Но тут маг оборачивается, все еще стоя на коленях, глаза огромные и сверкают зеленью, как море сразу после заката. Он вскидывает руку, произносит три слова, похожие на шелест сухой травы, — и они исчезают, все сразу, как погасшие свечи, как захлопнувшиеся двери, как жучки-росянки во рту старка. Ничего не осталось — ни эха, ни струйки дыма, только холодная узкая комната, которая теперь, опустев, кажется огромной. Маг медленно встает и улыбается, очень медленно.

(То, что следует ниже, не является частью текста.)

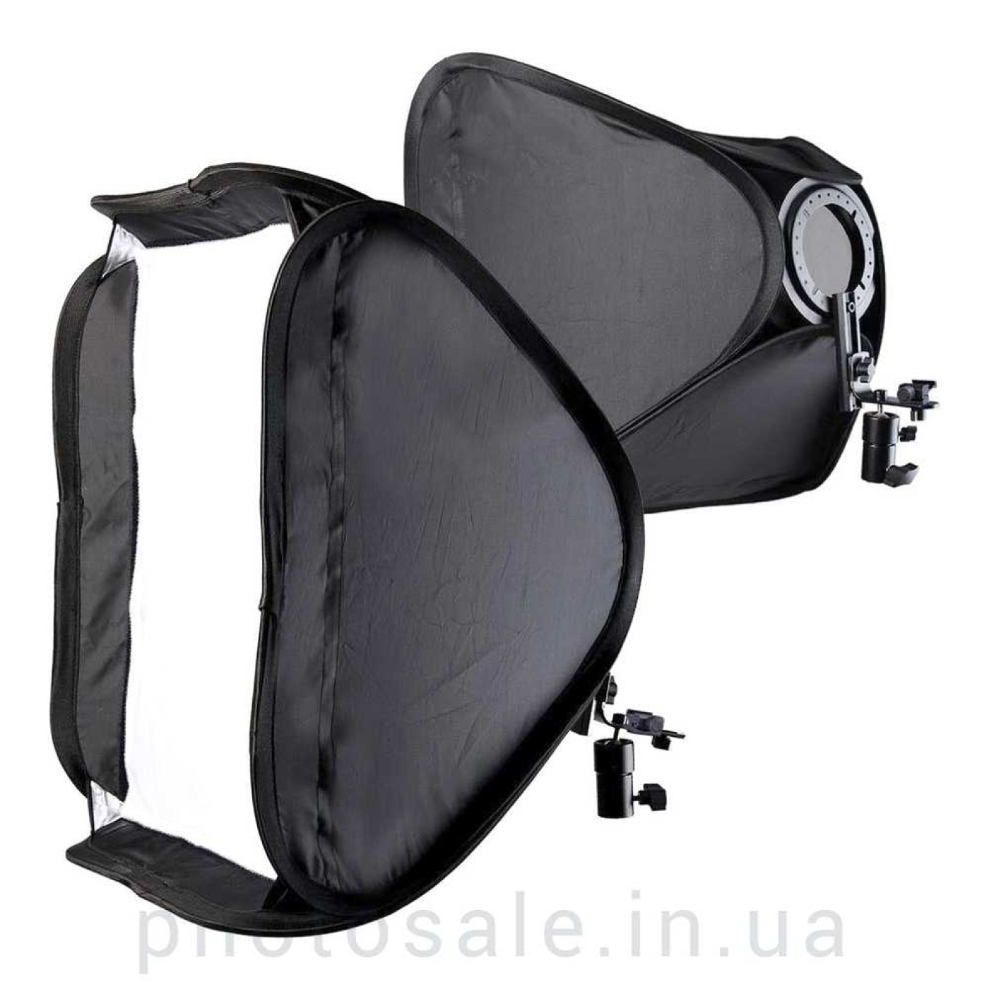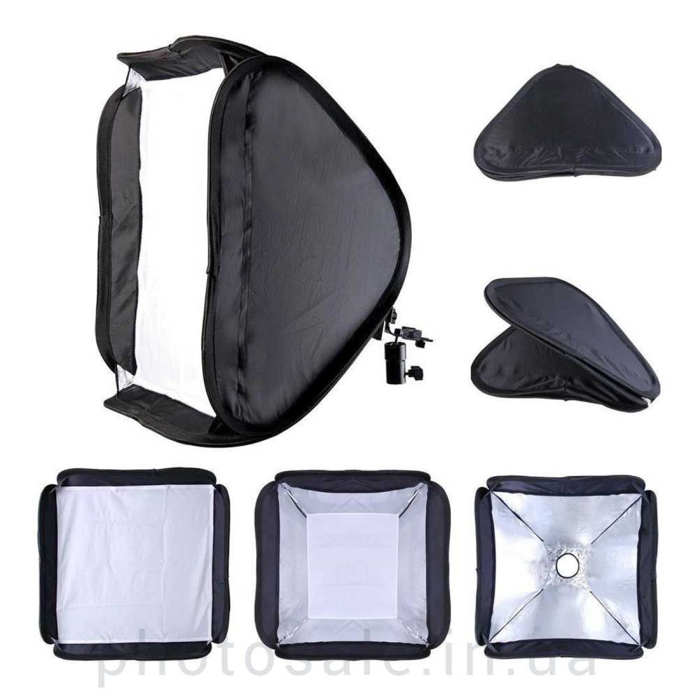 С помощью софтбокса 60х60 см можно получить мягкий, рассеянный и по-студийному контрастный свет, используя те же портативные фотовспышки.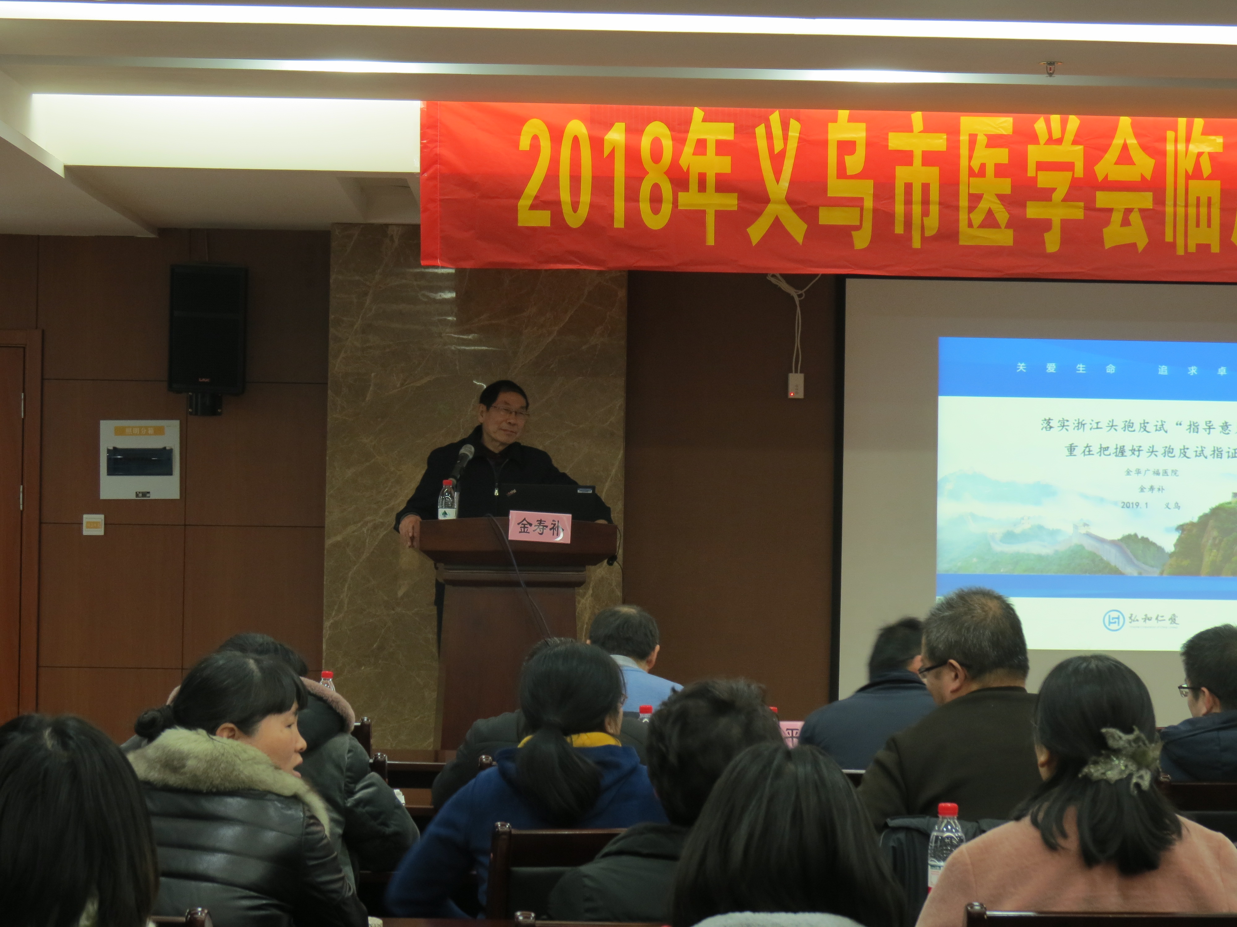 开幕式结束后由义乌市医学会临床药学专业委员会各位委员分别主持了学术会议,首先是赵平鸽主任委员向大家简短的介绍了2018年义乌市医学会临床药学专业委员会工作总结和2019年工作计划。接下来由浙江大学医学院附属第一医院药剂科王临润副主任就《关于加快药学服务高质量发展的意见》进行了政策解读;金华市广福医院金寿补副院长就现在的热点问题:落实浙江“头孢皮试指导意见”,重在把握好头孢皮试指征进行了详细的讲解;最后,义乌市中心医院中药科叶英响主任分别从中药饮片的合理使用、中成药的合理使用及中药注射剂的合理使用等方面进行了讲解。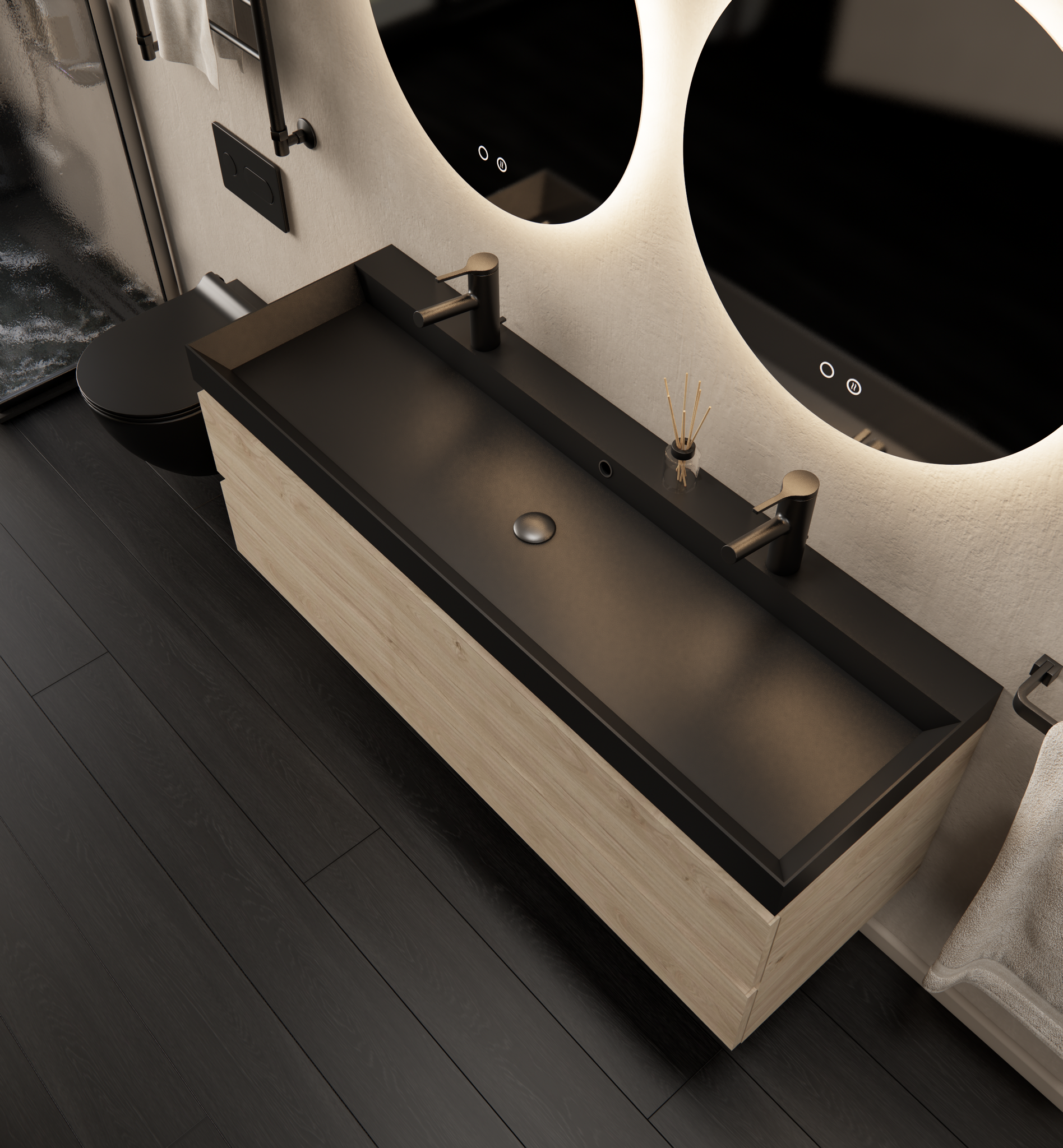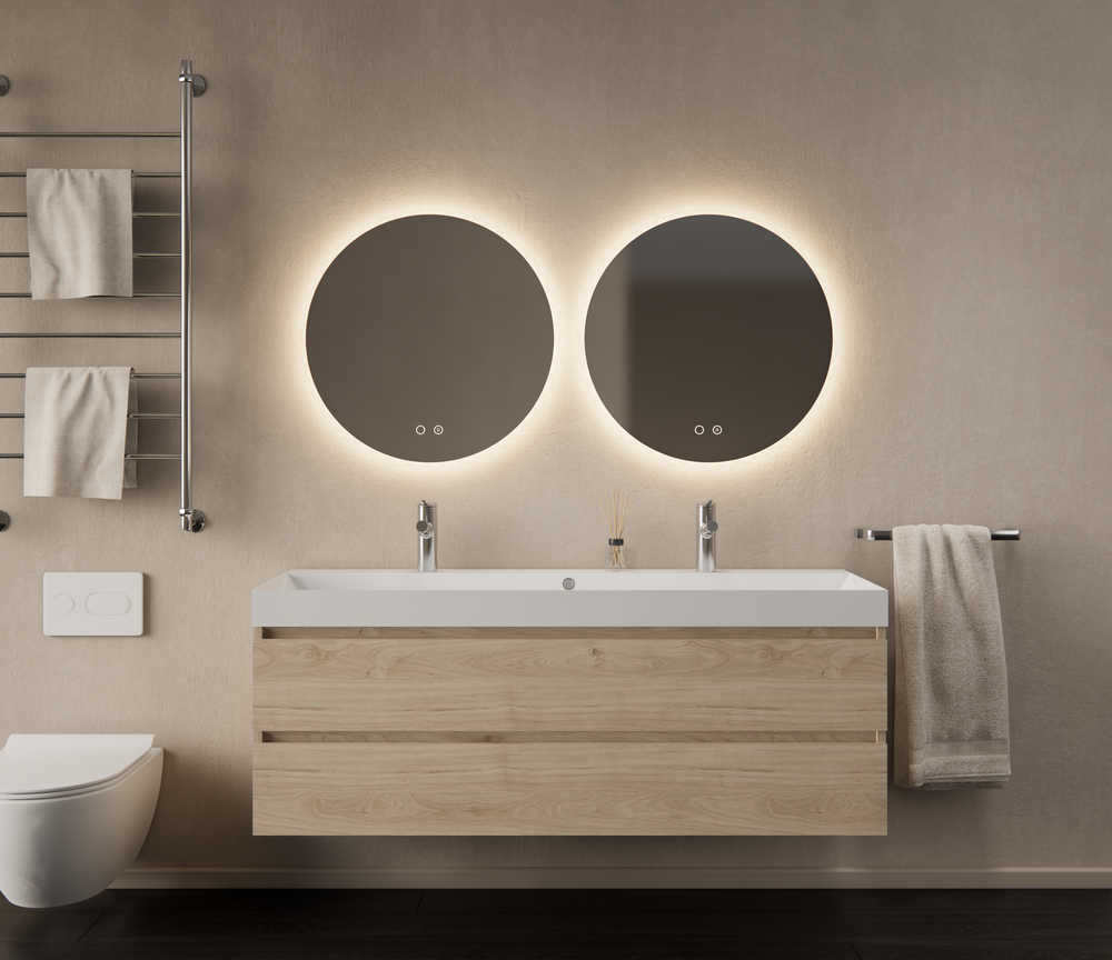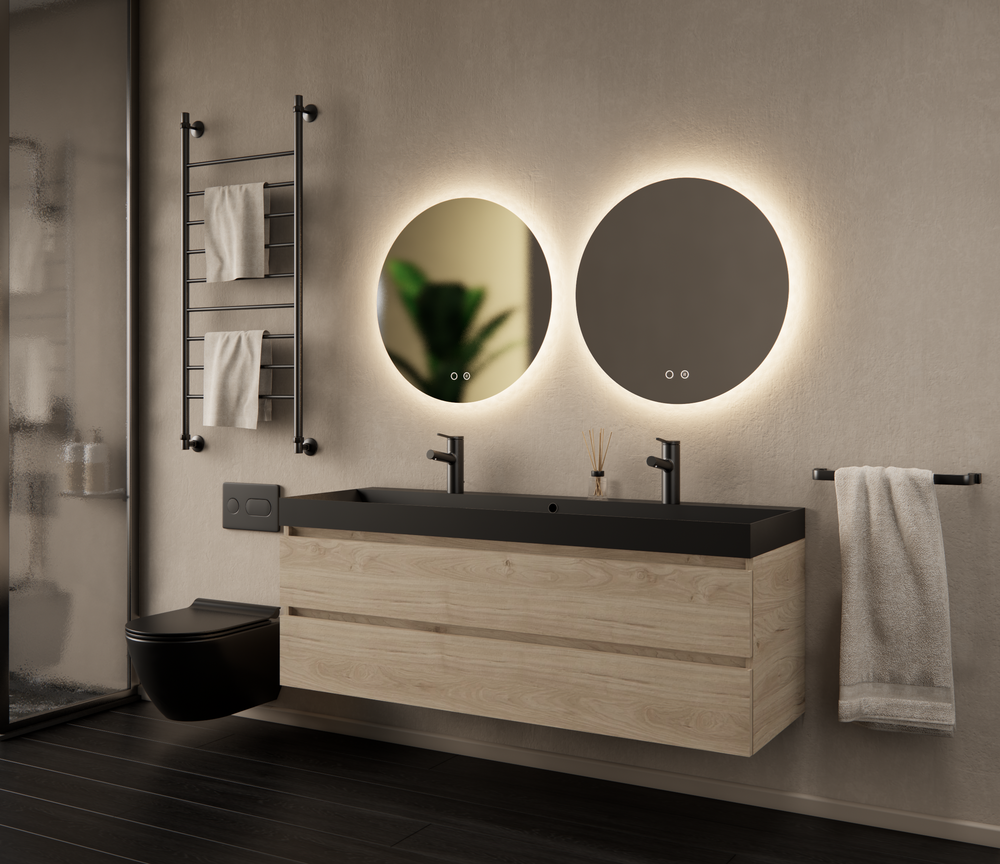Dit badkamermeubel is voorzien van twee greeploze lades, elk met DTC softclose ladegeleiders. Open en sluit de lades moeiteloos en geruisloos. De kast is uitgevoerd in duurzaam melamine op een MDF-basis, met het FSC-keurmerk voor verantwoord bosbeheer. Deze combinatie maakt het meubel bestendig tegen vocht en eenvoudig te onderhouden.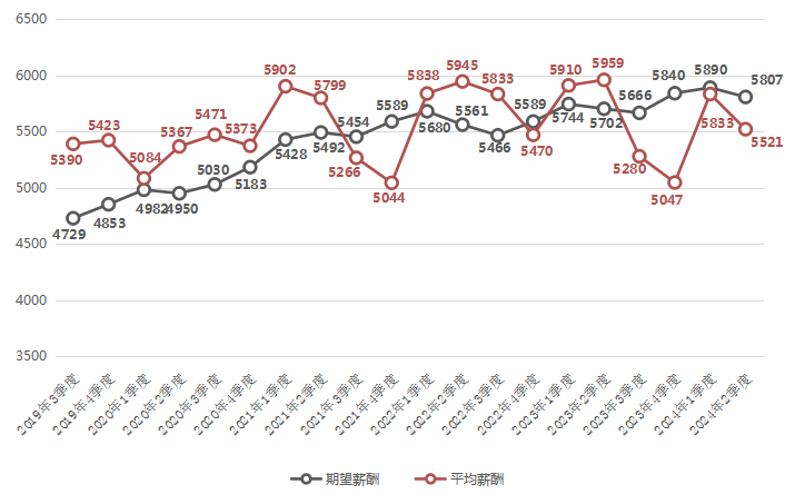 2024年第二季度,广西人才网中用人单位发布职位的平均薪酬水平出现回落,平均薪酬由上一季度的5833/月降至本季度的5521元/月,降幅为5.36%。
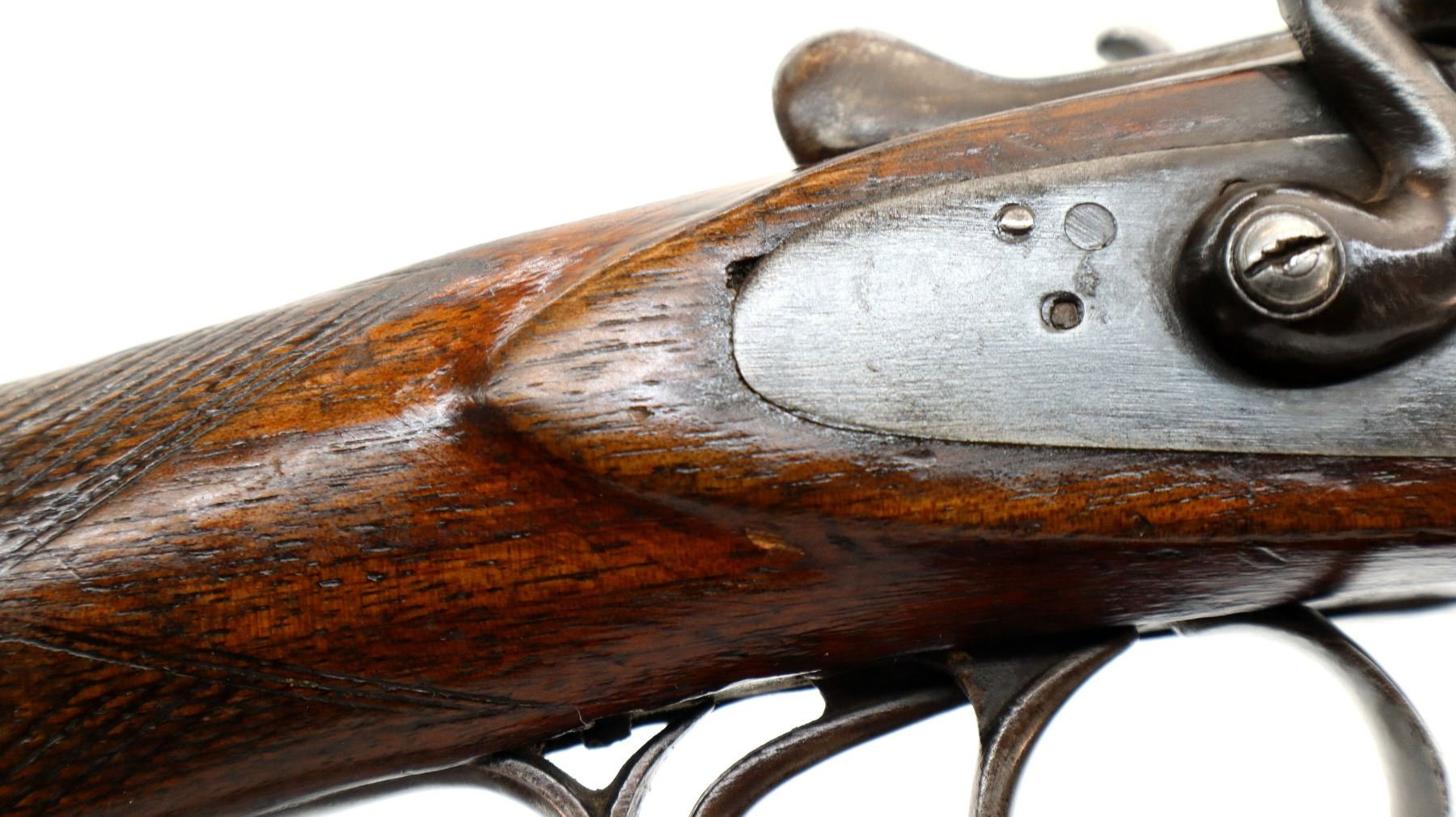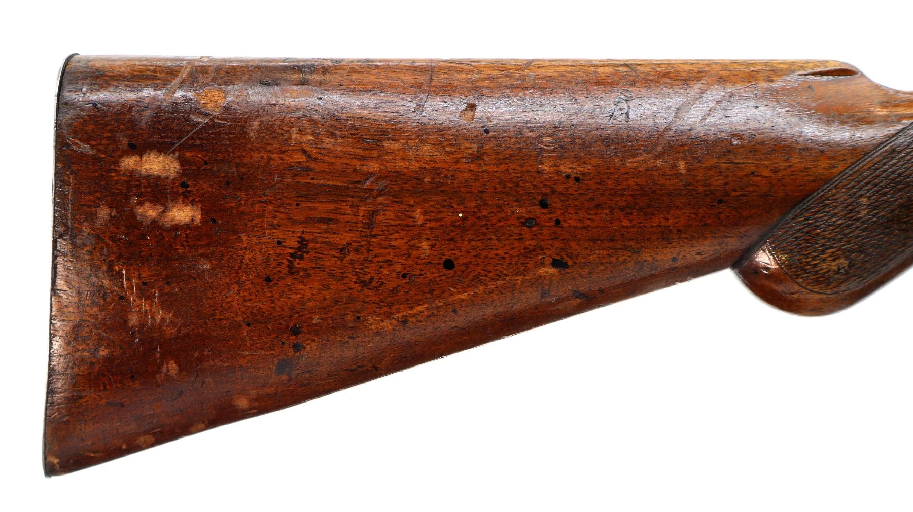 Main Description: Brass bead, Government twist barrels with smooth rib that are loose on face, side locks with checkered spur hammers that function, extractor, double triggers. Two piece wood stocks, checkered forearm and pistol grip chipped and cracked behind receiver and locks, grooved steel butt plate.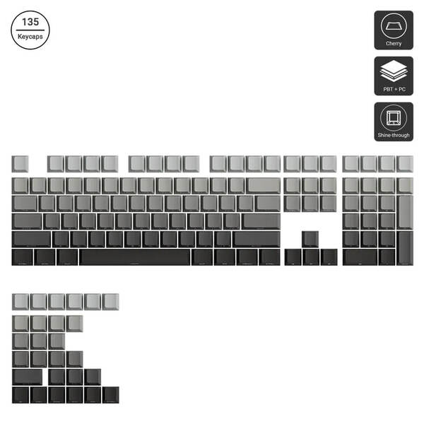 This gradient keycap set flows from soft gray to black, with side-printed legends, creating a sleek, minimal aesthetic that keeps the keyboard looking vibrant and far from dull.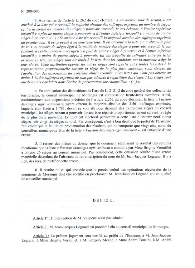 L’expérience aura été intéressante en tant qu’il s’agissait de mon premier mémoire en intervention. Mais le plus amusant est la réaction de la Commune de Morangis, avec un conflit d’intérêt énorme, parce que l’argent des Morangissois n’a pas à servir à défendre l’élection de Brigitte VERMILLET, qui constitue avocat cinq jours après mon intervention…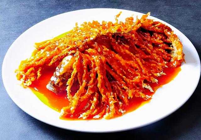 金毛狮子鱼是河北石家庄的传统名菜,是用鲤鱼为主料,先切片再切丝,丝丝相连,再配上多种调料在油锅里炸制而成。经过炸制的鲤鱼色泽金黄,鱼丝蓬松像狮子,所以取名金毛狮子鱼,吃起来酸甜适口。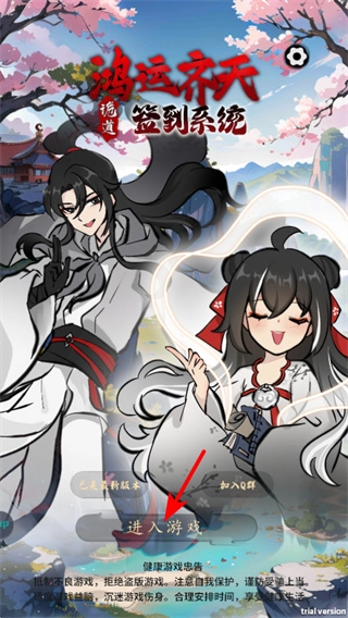 点击“进入游戏”按钮,即可开启“鸿运齐天”的修仙玩法,这是进入天赋选择与资源积累流程的基础操作;后续还需借助天赋搭配与日常玩法,来推进修仙进度。
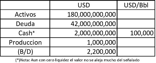 Nos imaginamos que dicho monto fue propuesto con base en el concepto de costo de un barril, bajo el entendido de nuevos procesos o nuevas licencias de explotación (CPFB), por lo casual de su génesis [US$100.000MM/1MMBD= US$100.000 pb]; sin embargo y asumiendo el riesgo de equivocarnos en dicha aseveración (y ojala que así sea), dicho calculo no incluye el valor de las reservas, presupone total destrucción de la infraestructura (lo cual no es el caso), un escalamiento de 100.000 B/D/Año y se limitan sus otros activos. Como ejemplo, en Alberta dicho costo posee un rango de C$22.000 y C$79.000 per boe.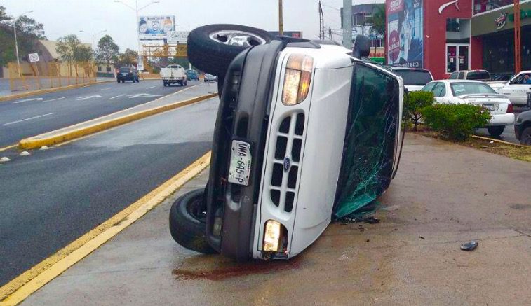 Esta mañana la velocidad inmoderada y del piso mojado género que un conductor sufriera un accidente frente al asta bandera en la zona universitaria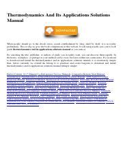 Read THERMODYNAMICS AND ITS APPLICATIONS SOLUTION MANUAL EBOOK Doc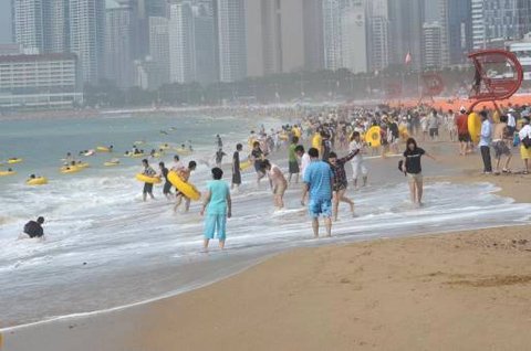 해운대에는 이미 많은 사람이 여름을 즐기고 있었습니다~

— Спасибо, — говорит он. Дедуля моргает и превращается в рыжего лиса, сидящего на постели. — Это начало становиться довольно утомительным.

— Не надо благодарностей, — говорю я. Я озадачен, и мне это жутко не нравится. Не люблю быть озадаченным. — Я не собирался тебе помогать.

Улыбка все шире и шире, несмотря на отсутствие зубов.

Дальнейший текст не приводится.